An uncontended transactional commit proceeds in four stages. In the first stage it acquires ownership of the orecs associated with the locations that it has accessed, installing a pointer to the transaction descriptor in each of them using CAS. This serves two purposes: as well as acquiring ownership, it confirms that each orec held the version number expected by the transaction. In the second stage the transaction's status is set to COMMITTED using CAS. This is the point at which the update appears to occur atomically: threads reading from the locations while they are owned will take values from the owner's transaction descriptor on the basis of the status field. This single update therefore has the effect of atomically updating the *logical contents* of all of the locations involved.

In the third stage the transaction's updates are made to the heap. Finally, in the fourth stage, it releases ownership of the orecs it acquired, updating the version numbers.

Figure 5 illustrates this process for a transaction which is attempting to swap the contents of heap addresses **a1** and **a2**.

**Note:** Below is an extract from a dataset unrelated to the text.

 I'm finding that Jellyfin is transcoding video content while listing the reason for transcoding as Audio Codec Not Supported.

#### 4.2.2 Delayed operation problems due to contention

Contended heap accesses pose two problems. Firstly, a call to **TransactionRead** or **TransactionWrite** may be performed on an address whose orec is currently owned, meaning that the version number is not directly available and that the value held in the location may be out of date (for instance just after the state shown in Figure 5(c)). This can be dealt with by obtaining the information from the owning transaction descriptor.

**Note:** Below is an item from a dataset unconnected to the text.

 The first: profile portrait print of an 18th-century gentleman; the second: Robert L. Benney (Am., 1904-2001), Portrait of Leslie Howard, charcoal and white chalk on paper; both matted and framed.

The more insidious problem is that one thread A performing TransactionCommit may encounter an orec which is already owned by another thread B. In order to get nonblocking behaviour it must be possible for A to continue with its commit without having to wait for B. There are a number of cases to consider based on the state of B's transaction descriptor:

- If B's transaction descriptor is currently ACTIVE then A can set it to ABORTED using CAS. This gives rise to potential A-B-A problems which prevent descriptors from being re-used directly: re-use would allow a delayed CAS by A to abort a subsequent transaction by B.
- If B's transaction descriptor is already set to ABORTED then A can proceed to unlink B from the orecs that it acquired. This unlinking step again gives rise to potential A-B-A problems if the descriptor were reused while A was unlinking a previous version of it.
- If B's transaction descriptor is currently COMMITTED then A cannot revoke B's ownership: B may be performing its updates to the heap (Figure 5(d)) and, even though A may perform those updates on behalf of B, there is nothing to prevent B being scheduled at

some time in the future and performing the updates a second time.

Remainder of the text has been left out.